** Stored entries **
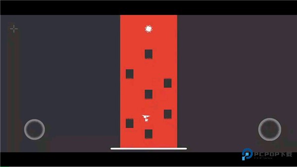 5、第五关,本关为竖屏模式,不断跳跃切换场景向上爬,触碰到上方白圈后,场景变化为横屏,按照一开始继续向上跳跃即可。
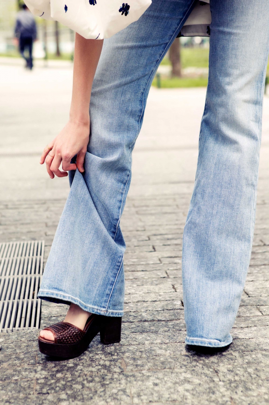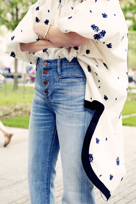 Kudos to Becky Malinsky, Glamour magazine’s senior fashion market editor, for thinking to turn her new Rachel Comey dress into a top by tucking the front of it into a high-rise flare. It’s exactly this – her having not just an eye for great pieces, but also the ability to see their full potential – that makes Becky one of the best in our biz. Her favorite jeans right now: a bell bottom from Madewell called the Flea Market, which has an exposed button fly – “very of the moment,” she says – and a groovy blue wash that she loves because “it looks worn, but it’s not overly whiskered.” Personally, if I was a superhero from the 70s, I’d dress my character just like Becky, in jeans that hide a pair of easy-to-run-in platform shoes and give a girl the power of extra-long legs. WHA-POW!
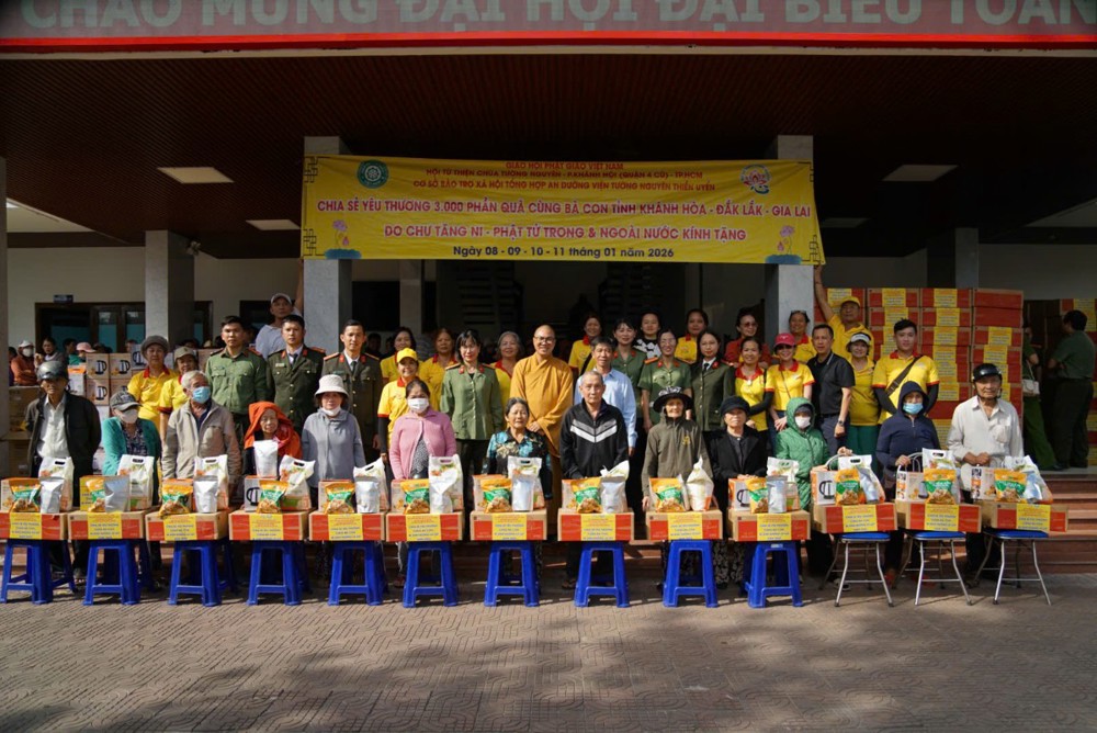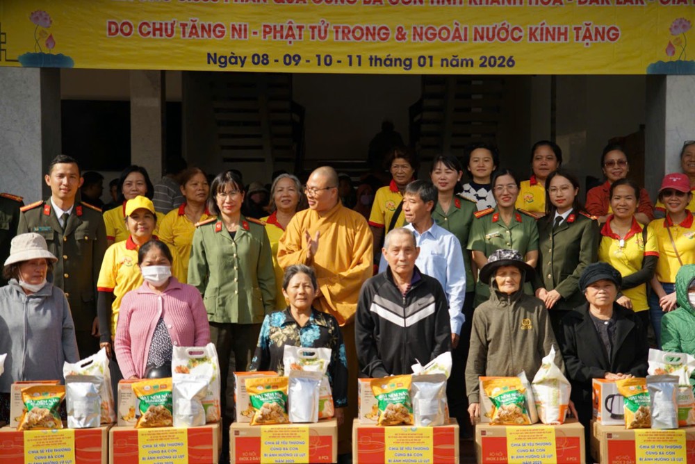 PSO – Trong hai ngày 9 - 10/1/2026, Hội Từ thiện chùa Tường Nguyên (phường Khánh Hội, TP.HCM) tiếp tục hành trình thiện nguyện hướng về miền Trung yêu thương, chung tay hỗ trợ đồng bào khắc phục, tái thiết cuộc sống sau mưa lũ. Dưới sự hướng dẫn của Thượng tọa Thích Minh Phú – Ủy viên Hội đồng Trị sự, Phó ban Thường trực Ban Từ thiện xã hội GHPGVN TP.HCM, đoàn đã trao hơn 1.500 phần quà đến bà con trên địa bàn tỉnh Đắk Lắk.
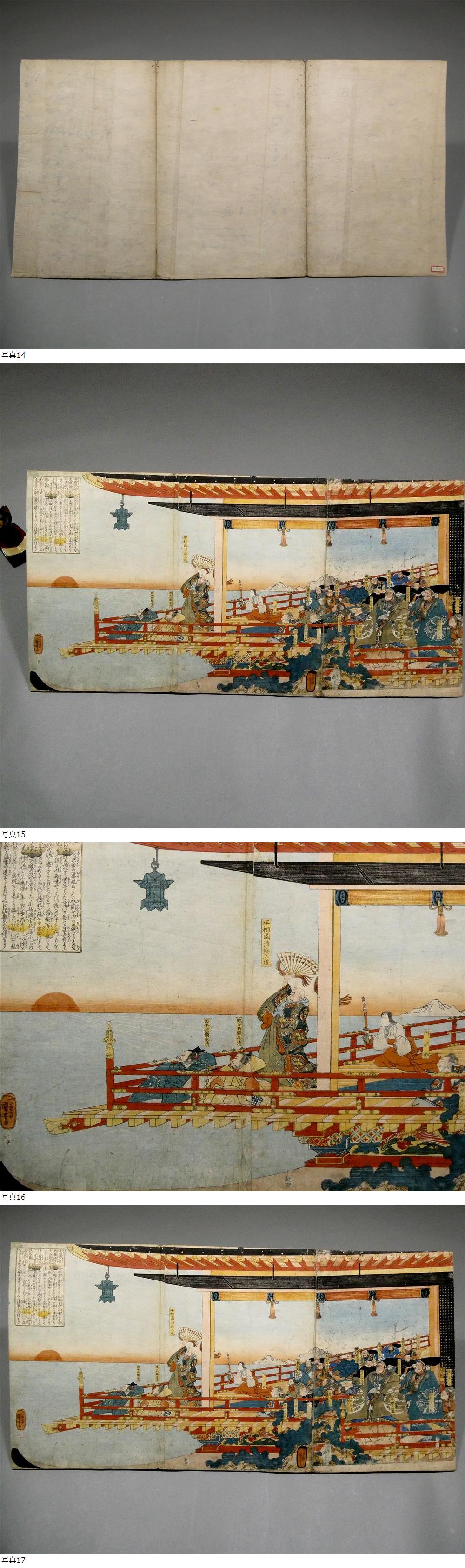 歌川国芳◆平清盛 落日を天空に返す図 3枚続揃い◆江戸時代 木版浮世絵◆福原館の平相国清盛入道■武者絵 錦絵 北斎 歌麿 広重 豊国 23 收藏
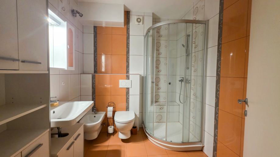 kopalnica z WC-jem, bidejem ter tušem in kopalniškim blokom z umivalnikom in armaturo
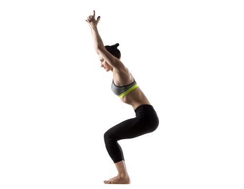 다리를 모으고 똑바로 선 상태에서 시작하며, 손을 머리 위로 올려서 맞잡습니다. 그리고 무릎을 구부리고 엉덩이를 낮춰서 자세를 만듭니다. 1분 동안 최대한 버티세요. 처음에는 20초를 목표로 진행하고, 점차 버티는 시간을 늘립니다.
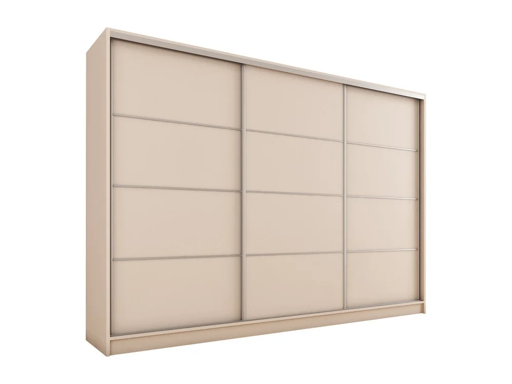 Šatní skříň LITOLARIS 280 bez zrcadla s posuvnými dveřmi nabízí čistý, moderní vzhled a lze volitelně vynechat ozdobné lišty pro hladké dveře. Rozměry skříně činí 280 x 205 x 56 cm a povrch je vyroben z lamina tloušťky 16 mm v pískově béžové barvě.

** REQUIRED ACTION **
Copy all the records word for word and keep the pictures out.

** ANSWER SPACE **
 5、第五关,本关为竖屏模式,不断跳跃切换场景向上爬,触碰到上方白圈后,场景变化为横屏,按照一开始继续向上跳跃即可。
 Kudos to Becky Malinsky, Glamour magazine’s senior fashion market editor, for thinking to turn her new Rachel Comey dress into a top by tucking the front of it into a high-rise flare. It’s exactly this – her having not just an eye for great pieces, but also the ability to see their full potential – that makes Becky one of the best in our biz. Her favorite jeans right now: a bell bottom from Madewell called the Flea Market, which has an exposed button fly – “very of the moment,” she says – and a groovy blue wash that she loves because “it looks worn, but it’s not overly whiskered.” Personally, if I was a superhero from the 70s, I’d dress my character just like Becky, in jeans that hide a pair of easy-to-run-in platform shoes and give a girl the power of extra-long legs. WHA-POW!
 PSO – Trong hai ngày 9 - 10/1/2026, Hội Từ thiện chùa Tường Nguyên (phường Khánh Hội, TP.HCM) tiếp tục hành trình thiện nguyện hướng về miền Trung yêu thương, chung tay hỗ trợ đồng bào khắc phục, tái thiết cuộc sống sau mưa lũ. Dưới sự hướng dẫn của Thượng tọa Thích Minh Phú – Ủy viên Hội đồng Trị sự, Phó ban Thường trực Ban Từ thiện xã hội GHPGVN TP.HCM, đoàn đã trao hơn 1.500 phần quà đến bà con trên địa bàn tỉnh Đắk Lắk.
 歌川国芳◆平清盛 落日を天空に返す図 3枚続揃い◆江戸時代 木版浮世絵◆福原館の平相国清盛入道■武者絵 錦絵 北斎 歌麿 広重 豊国 23 收藏
 kopalnica z WC-jem, bidejem ter tušem in kopalniškim blokom z umivalnikom in armaturo
 다리를 모으고 똑바로 선 상태에서 시작하며, 손을 머리 위로 올려서 맞잡습니다. 그리고 무릎을 구부리고 엉덩이를 낮춰서 자세를 만듭니다. 1분 동안 최대한 버티세요. 처음에는 20초를 목표로 진행하고, 점차 버티는 시간을 늘립니다.
 Šatní skříň LITOLARIS 280 bez zrcadla s posuvnými dveřmi nabízí čistý, moderní vzhled a lze volitelně vynechat ozdobné lišty pro hladké dveře. Rozměry skříně činí 280 x 205 x 56 cm a povrch je vyroben z lamina tloušťky 16 mm v pískově béžové barvě.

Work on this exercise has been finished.